Другим новообразованием, которое приводит к генерализованному отеку и сердечной недостаточности плода, является хорионангиома. Большие ее размеры (большее 5-7 см) подчеркивают выраженное в ней артериовенозное шунтирование. Целью внутриутробной операции является эндоскопическая коагуляция сосудистых анастомозов опухоли. Законченное удаление последнего проводится в ближайший после родов срок.

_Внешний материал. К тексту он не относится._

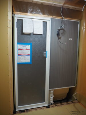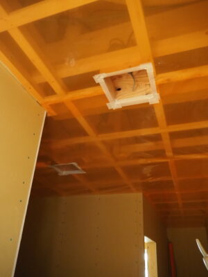 大工さん手作りの気密BOXを取り付け、テープで止めていきます。
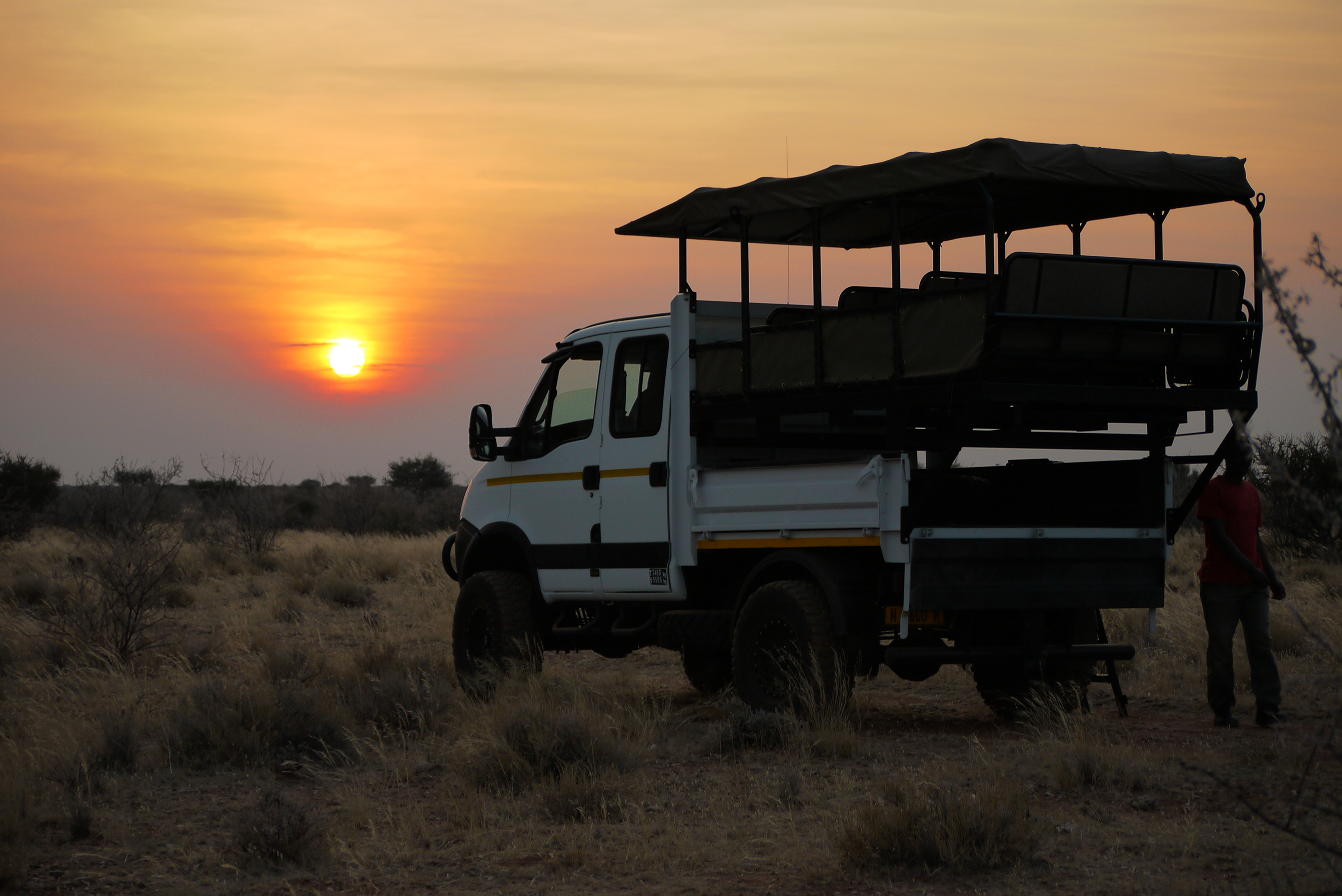 A 15h30, nous suivons un autre guide qui nous emmène, avec un énorme pick up surélevé, dans la réserve pour un safari (ici on dit un game drive). Et là on enchaine les rencontres : 3 girafes avec un girafon, des gnous noirs, des gnous bleus (en fait ils sont gris !), des springboks, des bubales, 2 rhinocéros blancs (en fait ils sont gris aussi !), des autruches et même des œufs, une sorte de chien sauvage tacheté que le guide n’a pas vu donc on ne sait pas ce que c’est !
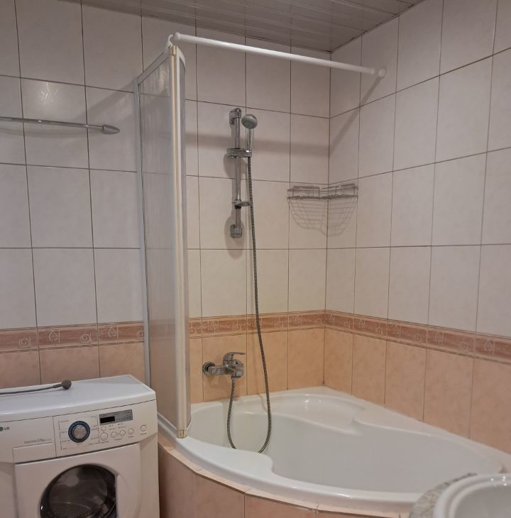 Квартира укомплектована всем необходимым для длительного проживания: 2 спальных места (раскладывающийся диван), полностью кухонная мебель и техника (микроволновая печь, холодильник, посудомоечная машина, плита с духовым шкафом, маленький телевизор).
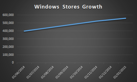 Пока магазины Google Play Store и App Store уже давно превысили планку в миллион приложений, Windows Phone Store по-прежнему пытается догнать конкурентов. Согласно новому отчёту компании Microsoft, на данный момент число доступных приложений в магазинах для Windows Phone и Windows 8 составляет 560 000, что демонстрирует стабильный рост начиная с 525 000 приложений 14 ноября 2014 года и 400 000 - от 27 июня того же года. Однако в последние несколько месяцев всё же заметен некоторое уменьшение роста числа приложений.
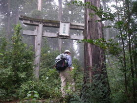 | 瀬音の湯への分岐近くにある高明神社。鳥居は大きいが社は小さい。 |
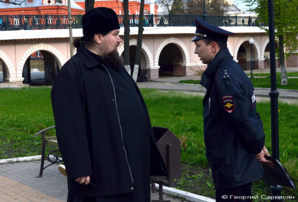 3. Это капитан проводит разъяснительную беседу с попом Игорем Голиковым о недопустимости размахивания зонтами на журналистов
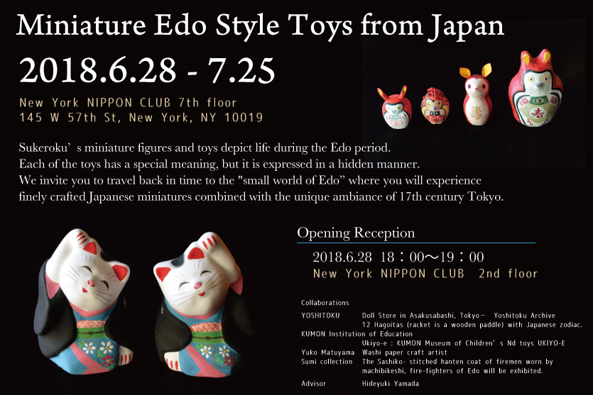 Sukeroku’s miniature figures and toys depict life during the Edo period. Each of the toys has a special meaning, but it is expressed in a hidden manner. We invite you to travel back in time to the "small world of Edo” where you will experience finely crafted Japanese miniatures combined with the unique ambiance of 17th century Tokyo.
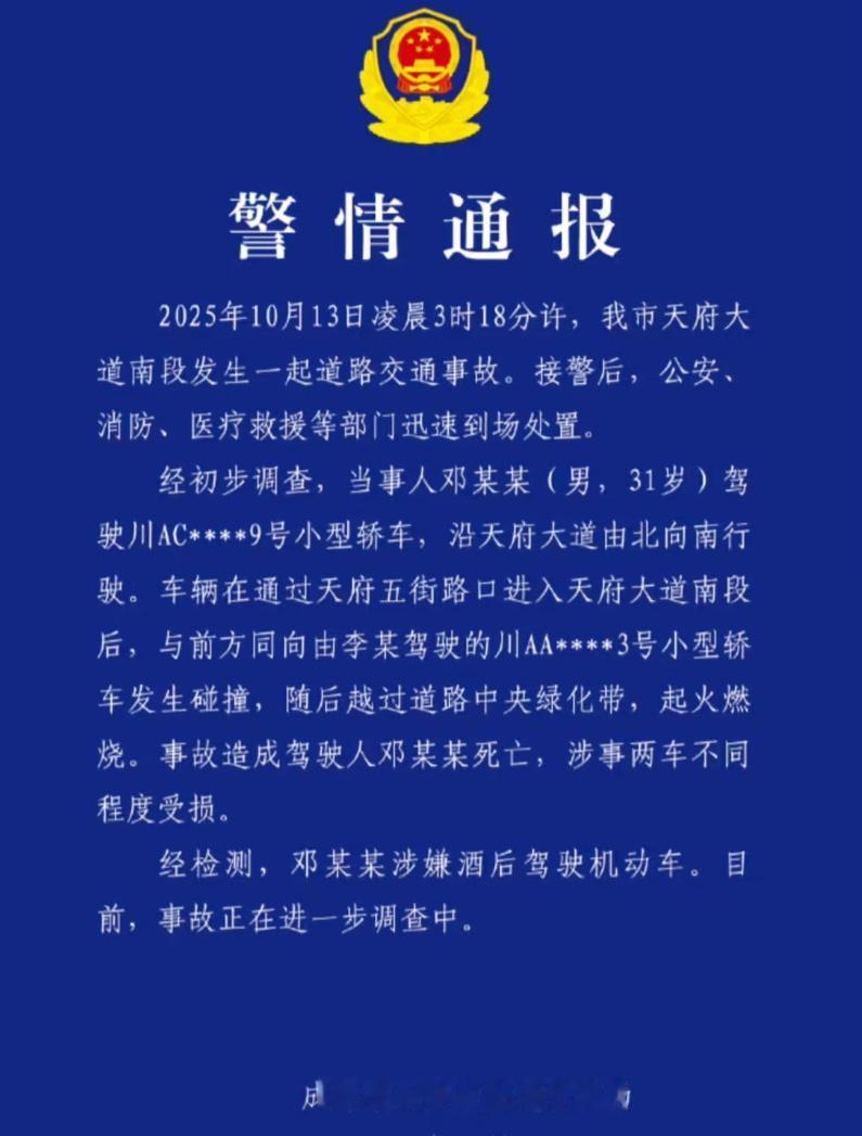 13号凌晨天府大道发生惨烈车祸,一辆小米SU7像失控的子弹般撞上绿化带,翻滚着
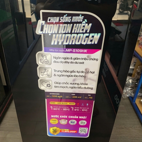 Với lõi ion kiềm hydrogen nhập khẩu Hàn Quốc, nước ion kiềm hydrogen tạo ra từ MP-S109HK có chỉ số cân bằng lý tưởng trong thời gian dài. Người dùng hoàn toàn có thể an tâm về chất lượng nước sau lọc với mức pH ổn định 8.5-9.5, hàm lượng hydrogen 800- 1200ppb, chỉ số ORP âm sâu -400 đến -600mV.
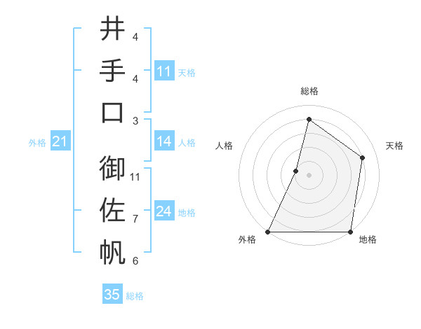 井手口 御佐帆さんを姓名の画数から五運を鑑定
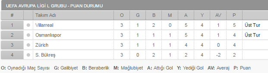 Bu sonucun ardından Villarreal 5, Osmanlıspor 4 puana ulaştı.
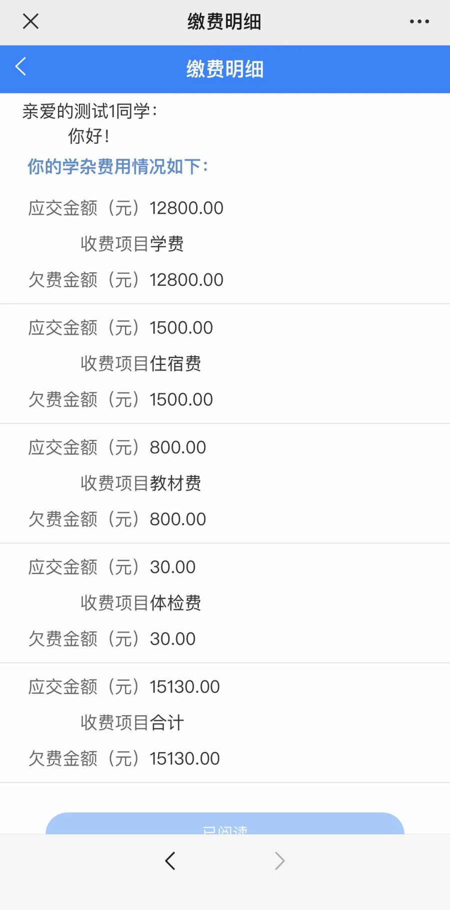 9.缴费明细:学生仔细阅读缴费明细的信息,阅读完毕之后,点击最后一行“已阅读”选项,进行下一环节“网上交费”。
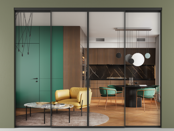 Алюминиевые перегородки Formato — это стильное и функциональное решение для современных интерьеров, предназначенное для разделения и зонирования пространства внутри одного помещения. Перегородки изготавливаются под индивидуальные размеры с шагом в 1 мм, что даёт возможность подобрать оптимальное соотношение размеров и количества створок, в том числе и для нестандартных проёмов.
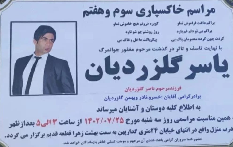 تصویر زیر آگهی ترحیم یاسر گلزردیان است:

Миеломенингоцеле. Дефекты нервной трубки встречаются все реже, что связано с разработанной методикой раннего α - фетопротеинового скрининга. Так как данное заболевание преждевременно не предусматривает угрозы для жизни, решение вопроса о внутриутробной коррекции порока сильно связанно с риском преждевременных родов. Однако прогресс фетальной хирургии разрешает постоянно расширять спектр предоставленной помощи. Так как при миеломенингоцеле тяжесть неврологических расстройств зависит, в том числе от длины механической травмы и действия агрессивной амниотической среды на структуры спинного мозга. Операция проводится на ранних сроках гестации (20-23 неделя внутриутробного развития), поскольку раннее исправление дефекта повышает шанс адекватной работы спинного мозга. Хирургическое вмешательство выполняется как открытым, так и эндоскопическим способами. В первом случае оперативная техника не отличается от таковой после рождения ребенка. Во время фетоскопической коррекции закрытия дефекта спинного мозга проводится при помощи алогенной костной пасты.

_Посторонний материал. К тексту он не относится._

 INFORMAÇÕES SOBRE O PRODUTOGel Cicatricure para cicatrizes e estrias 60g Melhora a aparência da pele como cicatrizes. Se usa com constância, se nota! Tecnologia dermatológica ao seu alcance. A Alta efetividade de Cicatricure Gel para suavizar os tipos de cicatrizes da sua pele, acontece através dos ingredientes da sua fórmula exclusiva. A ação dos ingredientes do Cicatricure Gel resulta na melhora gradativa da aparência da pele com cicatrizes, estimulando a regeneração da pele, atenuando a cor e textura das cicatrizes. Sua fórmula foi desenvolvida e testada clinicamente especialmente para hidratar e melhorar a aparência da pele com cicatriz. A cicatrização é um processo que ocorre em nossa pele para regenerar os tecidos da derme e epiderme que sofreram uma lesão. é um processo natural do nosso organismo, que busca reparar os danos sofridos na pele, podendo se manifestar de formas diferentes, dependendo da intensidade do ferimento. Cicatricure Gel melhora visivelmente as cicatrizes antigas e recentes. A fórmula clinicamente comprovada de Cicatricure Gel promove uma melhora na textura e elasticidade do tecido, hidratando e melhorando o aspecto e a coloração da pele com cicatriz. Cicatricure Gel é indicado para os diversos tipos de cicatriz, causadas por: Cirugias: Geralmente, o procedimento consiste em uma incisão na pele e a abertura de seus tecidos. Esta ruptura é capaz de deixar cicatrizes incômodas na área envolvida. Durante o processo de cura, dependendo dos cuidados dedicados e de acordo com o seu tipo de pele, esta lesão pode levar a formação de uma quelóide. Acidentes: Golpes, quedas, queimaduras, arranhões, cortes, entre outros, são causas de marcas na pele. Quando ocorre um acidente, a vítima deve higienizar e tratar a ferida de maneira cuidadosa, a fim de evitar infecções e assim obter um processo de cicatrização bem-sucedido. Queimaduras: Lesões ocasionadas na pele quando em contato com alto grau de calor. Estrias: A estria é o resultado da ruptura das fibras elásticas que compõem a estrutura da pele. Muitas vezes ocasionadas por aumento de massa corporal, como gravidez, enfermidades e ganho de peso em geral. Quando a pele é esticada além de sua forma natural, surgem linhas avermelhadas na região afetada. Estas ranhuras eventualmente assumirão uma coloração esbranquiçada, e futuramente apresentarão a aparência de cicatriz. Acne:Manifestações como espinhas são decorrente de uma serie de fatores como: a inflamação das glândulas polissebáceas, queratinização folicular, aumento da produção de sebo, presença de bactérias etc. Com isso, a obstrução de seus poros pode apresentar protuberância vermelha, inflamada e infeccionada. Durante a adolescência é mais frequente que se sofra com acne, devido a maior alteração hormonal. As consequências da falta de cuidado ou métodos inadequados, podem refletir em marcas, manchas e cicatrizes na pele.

Стеноз Сильвиего водопровода. Преграда оттока цереброспинальной жидкости приводит к расширению желудочков, сдавливанию структур головного мозга и в дальнейшем проявлении неврологических нарушений. Если отрицательная динамика наблюдается уже внутриутробно, ранняя декомпрессия желудочков позволяет обойти характерные для гидроцефалии расстройств. Фетальная коррекция заключается в подкожной установке вентрикулоамниотического шунта.

Блокада сердца. Большинство плодов с правильно сформированным сердцем, но постепенно прогрессирующей тотальной сердечной блокадой на фоне колагеносудистого заболевания у матери рождаются без необходимости внутриутробной коррекции. Однако у небольшой части из-за брадикардии (частота сердечных сокращений меньшее 50 в минуту) возможное развитие генерализованого отека с потерей плода. В случае неэффективности антогонистов β-адренорецепторов и стероидов выполняется внутриутробная имплантация водителя ритма (открытым или эндоскопическим способом).

Стеноз легочной артерии или аорты. Диагностика данного недостатка не предусматривает трудности для эхографии. Содержание операции заключается в ликвидации преграды на пути потока крови через аортальный или легочный клапан. Это проводится путем подкожной баллонной дилатации места сужение.

Стеноз или атрезия трахеи. У плода с синдромом врожденной обструкции верхних дыхательных путей обнаруживают большие по массе, но неэффективные легкие. Это связано с их перерастяжением из-за жидкости, которая собралась в дыхательных путях. В этом случае выполняется внутриутробная трахеостомия как первый этап лечения порока развития.

Недостатки развития лицевого черепа . Доказано, что заживление раны в период беременности происходит без формирования рубца. Развитие фетальных технологий разрешает в полной мере воспользоваться данной особенностью плода. Коррекция "волчьей пасти" и "заячьей губы" (дефекты, которые часто встречаются после рождения) не всегда сопровождаются удовлетворительным косметическим эффектом. Внутриутробная коррекция данных пороков разрешает избежать рубцевания, нарушение формирования лицевого отдела черепа и носовой полости. Полученные результаты можно расценивать в качестве примера для всей косметической хирургии.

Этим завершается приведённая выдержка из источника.